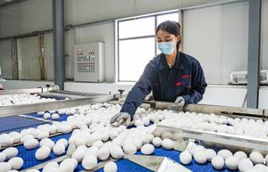 (250704) -- LHASA, 4 julio, 2025 (Xinhua) -- Una trabajadora clasifica huevos en una granja de gallinas ponedoras moderna, en...
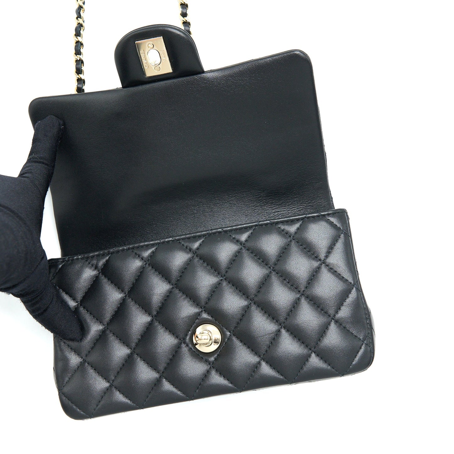 Chanel 22A Top Handle Mini Rectangular Flap Bag Lambskin Black GHW (Microchip)
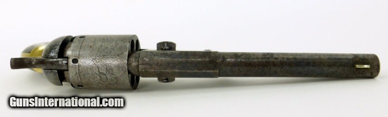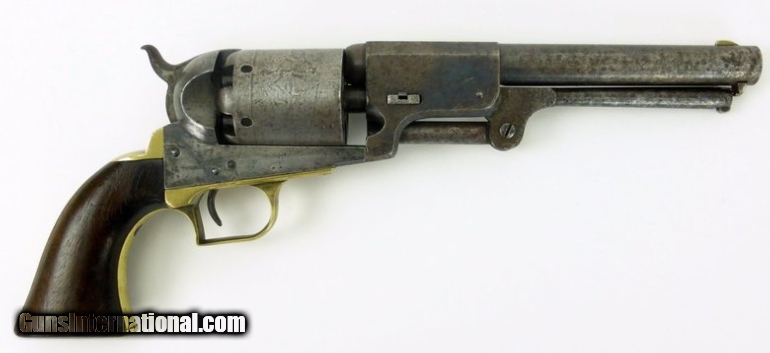 Colt 1st Model Martially Marked Dragoon. Made in 1849. Well above average 1st Model Dragoon! Nice sharp gun with a smooth dark gray patina mixed with original blue. Approximately 15% of the original finish remains in protected areas. Cylinder scene is very good. All numbers match. Grips still have visible cartouches. This is a Martial Dragoon from the third contract and lot of these guns went to Texas. In addition to cartouches are various inspector’s marks on different parts. Very nice gun and certainly in better condition than what you normally see!
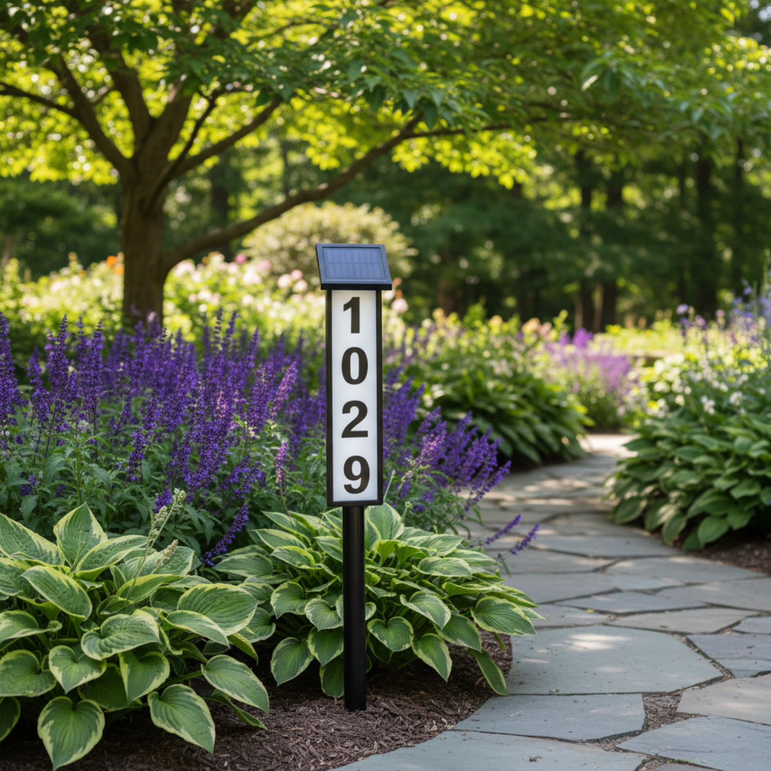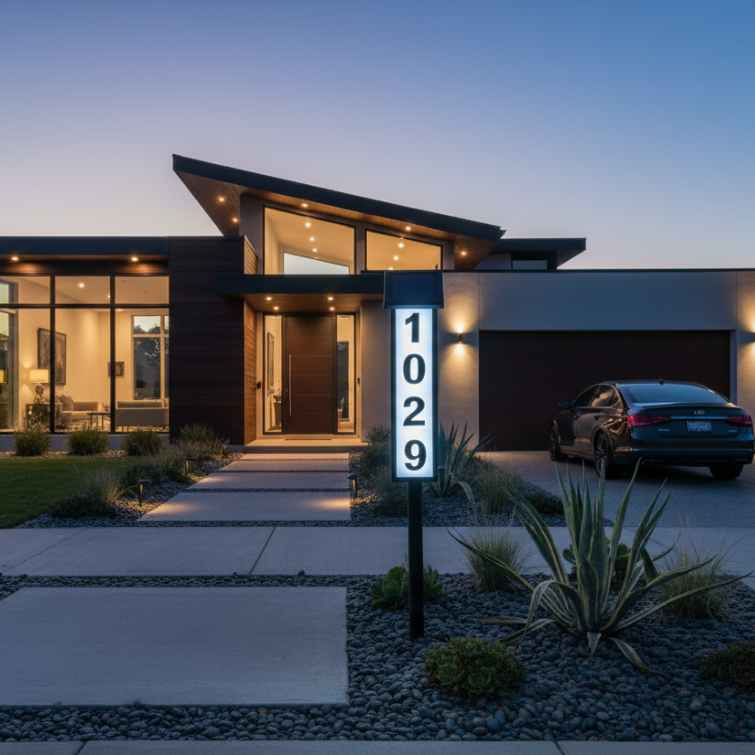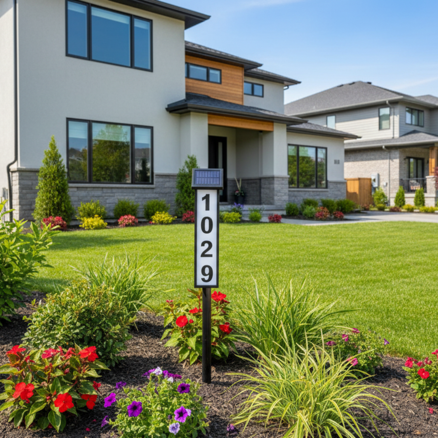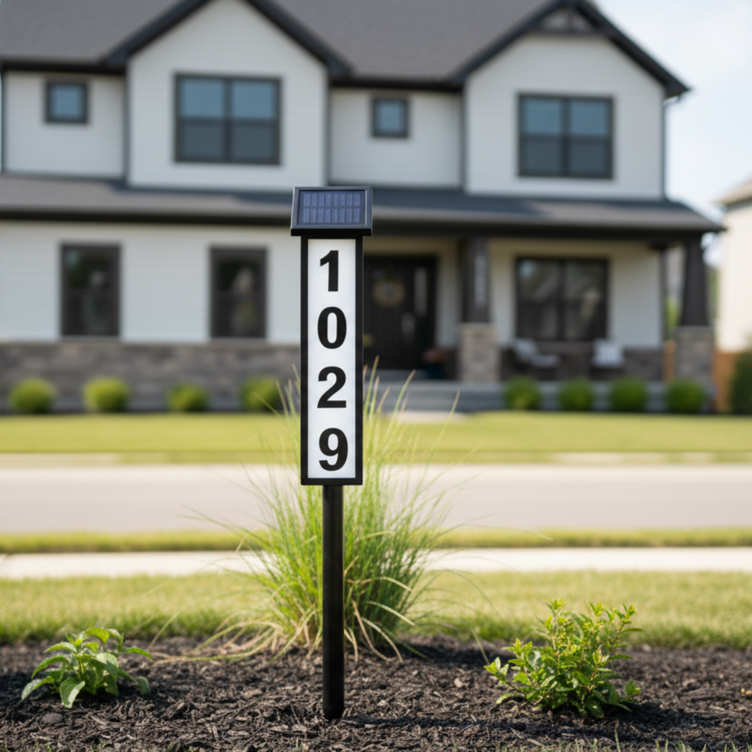 The Solar House Number Light provides eco-friendly illumination for your home's address. This modern LED lighting solution charges during the day and automatically lights up at night, helping keep your house numbers visible.
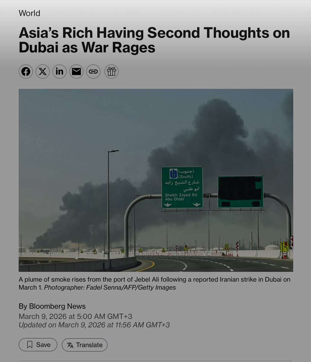 свое жилье не продает», мировая пресса полнится новостями о паническом выходе зарубежных инвесторов с рынка Дубая. Вот, например, текст Bloomberg: “Asia’s Ultra-Rich Having Second Thoughts on Dubai as War Rages”, изобилующая фактами. Краткий перевод: — Эскалация войны вокруг Ирана заставила часть сверхбогатых инвесторов из Азии пересмотреть планы по переезду и инвестициям в Дубаи. — Они готовят планы на случай эскалации, переводят часть средств в другие юрисдикции, замораживают покупку недвижимости и бизнес-релокацию в Дубай. — Часть капитала рассматривает альтернативные финансовые центры, например Сингапур и Гонконг. Кому мы больше верим, ребята? 🔺Треугольный метр
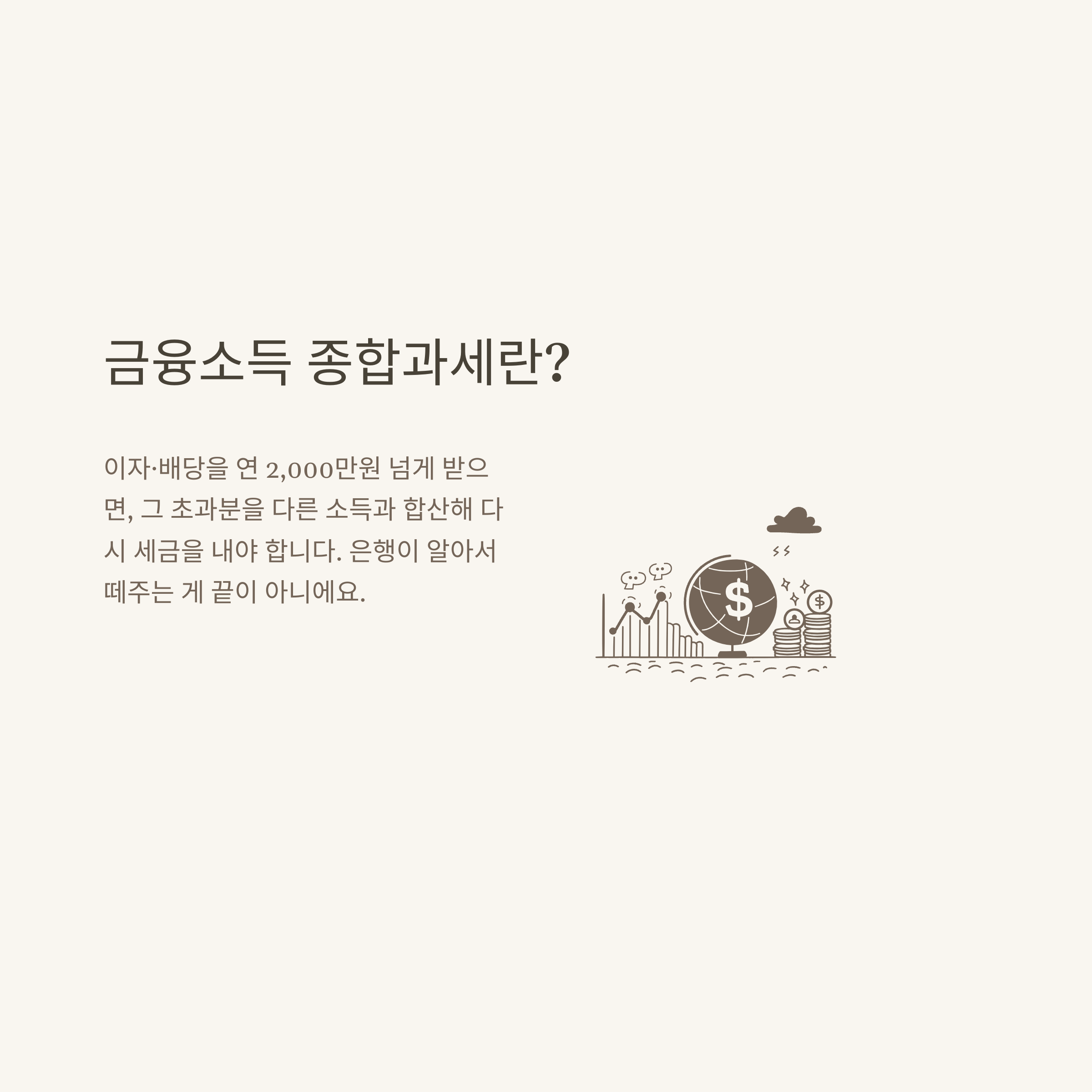 저는 처음에는 금융소득 종합과세가 누구에게 해당되는지, 도대체 어떤 의미인지도 잘 몰랐습니다. 실제로 금융소득 종합과세란 예금, 적금, 펀드, 주식 배당, 채권 이자 등 각종 금융기관에서 발생하는 모든 금융소득을 한 해에 합산해 일정 기준을 초과하면 그 초과분에 대해 종합소득세를 추가로 내야 하는 제도입니다. 평소엔 신경을 잘 안 쓰다가, 갑자기 통지서를 받고 허둥지둥하게 되는 경우도 많습니다.
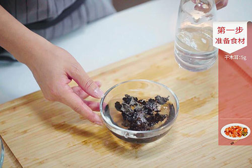 1.干木耳用清水泡发(如有大朵的木耳可以撕小一些);
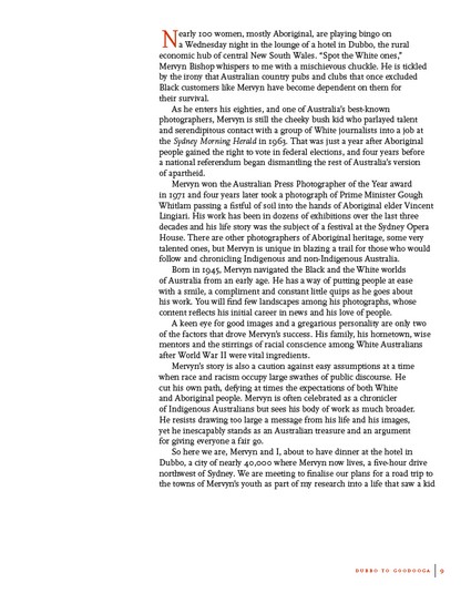 This illustrated biography of one of Australias treasured artists offers an intimate portrait of the struggles and triumphs of Mervyn Bishop, Australias ground-breaking Indigenous photographer.

════════════════

_What you need to do_:
Restate the entries above word for word, and keep the pictures out.

_Output of the task_:
 (250704) -- LHASA, 4 julio, 2025 (Xinhua) -- Una trabajadora clasifica huevos en una granja de gallinas ponedoras moderna, en...
 Chanel 22A Top Handle Mini Rectangular Flap Bag Lambskin Black GHW (Microchip)
 Colt 1st Model Martially Marked Dragoon. Made in 1849. Well above average 1st Model Dragoon! Nice sharp gun with a smooth dark gray patina mixed with original blue. Approximately 15% of the original finish remains in protected areas. Cylinder scene is very good. All numbers match. Grips still have visible cartouches. This is a Martial Dragoon from the third contract and lot of these guns went to Texas. In addition to cartouches are various inspector’s marks on different parts. Very nice gun and certainly in better condition than what you normally see!
 The Solar House Number Light provides eco-friendly illumination for your home's address. This modern LED lighting solution charges during the day and automatically lights up at night, helping keep your house numbers visible.
 свое жилье не продает», мировая пресса полнится новостями о паническом выходе зарубежных инвесторов с рынка Дубая. Вот, например, текст Bloomberg: “Asia’s Ultra-Rich Having Second Thoughts on Dubai as War Rages”, изобилующая фактами. Краткий перевод: — Эскалация войны вокруг Ирана заставила часть сверхбогатых инвесторов из Азии пересмотреть планы по переезду и инвестициям в Дубаи. — Они готовят планы на случай эскалации, переводят часть средств в другие юрисдикции, замораживают покупку недвижимости и бизнес-релокацию в Дубай. — Часть капитала рассматривает альтернативные финансовые центры, например Сингапур и Гонконг. Кому мы больше верим, ребята? 🔺Треугольный метр
 저는 처음에는 금융소득 종합과세가 누구에게 해당되는지, 도대체 어떤 의미인지도 잘 몰랐습니다. 실제로 금융소득 종합과세란 예금, 적금, 펀드, 주식 배당, 채권 이자 등 각종 금융기관에서 발생하는 모든 금융소득을 한 해에 합산해 일정 기준을 초과하면 그 초과분에 대해 종합소득세를 추가로 내야 하는 제도입니다. 평소엔 신경을 잘 안 쓰다가, 갑자기 통지서를 받고 허둥지둥하게 되는 경우도 많습니다.
 1.干木耳用清水泡发(如有大朵的木耳可以撕小一些);
 This illustrated biography of one of Australias treasured artists offers an intimate portrait of the struggles and triumphs of Mervyn Bishop, Australias ground-breaking Indigenous photographer.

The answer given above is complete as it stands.